Ильина спас второй телохранитель. Гвозди и шарики вонзились в него. Он погиб. Падая, он подмял под себя Ильина. Банкир, завалившись на мраморные ступеньки, еще вдобавок стукнулся об них затылком.
Марчука слегка ранило в ногу и легко контузило.
А неосторожному Василию оторвало ноги и левую руку. Он скончался мгновенно. Могучий торс с распростертой багряной рукой лежал в луже крови, а другую – закинуло на крыше «Дэу». Ноги разбросало подальше. Окровавленную голову в черных пороховых точках и с выпученными глазами развернуло взрывом в левую сторону. Казалось, неестественным поворотом головы и распростертой могучей дланью мертвец указывает в сторону своих невидимых убийц.
Прибывшие на место происшествия медики в формулировке смерти секьюрити были единодушны: «травматическая ампутация конечностей и выбивание головного мозга».
… Ильин, придавленный стокилограммовым телом охранника, лежал на ступеньках и смотрел бессмысленным взглядом на свинцовые тучи. Он просто думал: «будет дождь или нет». Он пребывал в шоке. Его взрыв сильно напугал.
Позднее, Ильину понадобилась помощь классного психиатра. Тот за сеанс вывел бизнесмена из ступора и вернул к реальности. Жену и сына депутат отправил в загородный дом с многочисленной охраной, а Марчуку банкир приказал мобилизовать людей и усилить бдительность.
Естественно, состоялся разговор Ильина и Чаладзе.
– Тимофея надо валить, – безапелляционно заявил депутат. – Он не успокоится.
– Я займусь им. А ты, Толстяк, будь осторожнее.
– Постараюсь.
…Подконтрольные Ильину и Казбеку СМИ на следующий день после покушения взорвались заказными статьями и телевизионными репортажами.
«Мафия наступает!»
«Демократия в опасности!»
«Бандитский беспредел!»
В новостях дикторы смаковали подробности этого происшествия:
«Совершено покушение на депутата Госдумы Анатолия Ильина. Это покушение связывают с выдвижением его кандидатуры на пост губернатора Красноярского края. Видимо, определенные круги не заинтересованы в победе блестящего банкира на губернаторских выборах. Прежде всего, спросим, кому это выгодно? Подозрения падают на бывшего арестанта Бутырки, скандально известного бизнесмена Тимофеева. В нынешней губернаторской гонке он поддерживает оппонента Ильина – Никоненко. Нынешнего градоначальника краевой столицы. В том году пуля наемного убийцы оборвала жизнь губернатора Захарова. По слухам, заказчиком преступления мог быть Тимофеев. Вероятно, Захаров чем-то не устраивал теневого магната и был безжалостно расстрелян…»

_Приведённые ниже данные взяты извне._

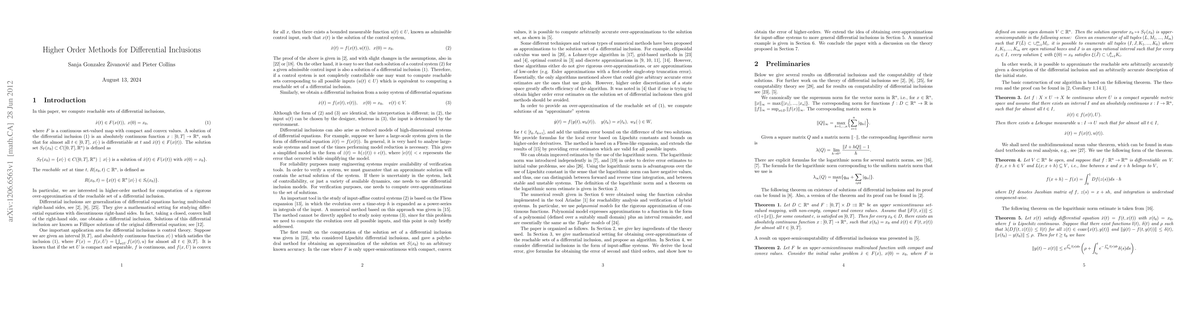 This paper introduces a high-order numerical method for rigorously approximating the reachable set of differential inclusions, providing both single-step and uniform error bounds over a finite time interval based on Lipschitz constants and higher-order derivative bounds. The method employs a Fliess-like expansion to extend previous results with valid error estimates for all inputs.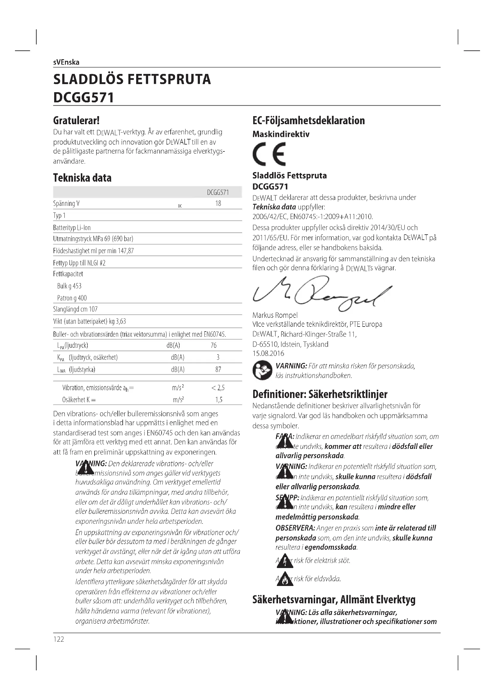 följande adress, eller se handbokensbaksida. Undertecknad är ansvarig för sammanställning av den tekniska filen och gör denna förklaring å DeWALT svägnar. Markus Rompel VIce verkställande teknikdirektör, PTE Europa DeWALT , Richard-Klinger-Straße 11, D-65510, Idstein, Tyskland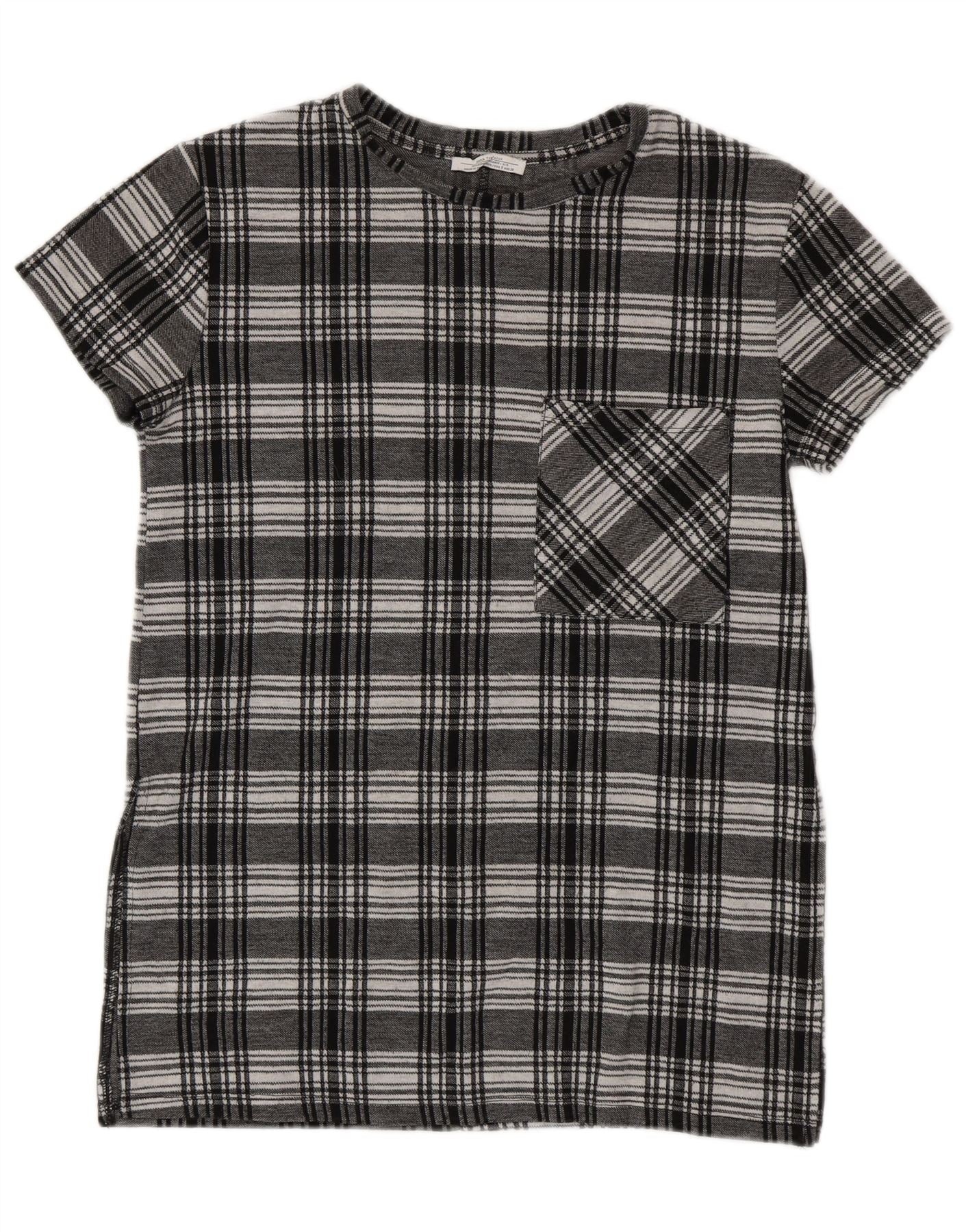 ZARA Chemisier long à manches courtes pour femme UK 10 Petit carreaux noirs

Рейтинг Ильина стремительно пополз вверх, а Никоненко – вниз. Победить Ильину в губернаторской гонке теперь уже не составляло труда. Оставалось пустая формальность – провести сами выборы.
Тимофей устроил разнос Прибалтике за неудачное покушение. Сибирский магнат кусал локти от досады. Оплошал. Да и как! Сам помог конкуренту. Надо было что-то предпринимать.
* * *
– Да, Андрей Андреевич.
Адамович внимательно слушал президента.
– Да, я слышал о покушении на депутата Госдумы Ильина. Согласен, Андрей Андреевич, это вопиющее безобразие. Пора Тимофеева снова сажать? Да можно устроить, отмывание денег, неуплата налогов, покушение на убийство. Целый букет преступлений. Но я думаю, пока не стоит торопиться. Помните, Андрей Андреевич, китайскую народную мудрость об обезьяне, что сидит в сторонке и наблюдает за схваткой тигра и дракона. Да, да. Пусть они ослабнут, а потом мы без лишнего напряжения возьмем то, что нам полагается, т. е. государству. Все на благо нашей горячо любимой Родины… Какая там погода в Лондоне? Типичная. Дождик. Да, да. Сегодня играем с «Арсеналом». Мой прогноз на матч? Сложно, но можно. Жалко, Ли Бойер травмирован: был бы боевой состав. Спасибо. Постараемся выиграть. Хорошо, хорошо. До свидания, Андрей Андреевич.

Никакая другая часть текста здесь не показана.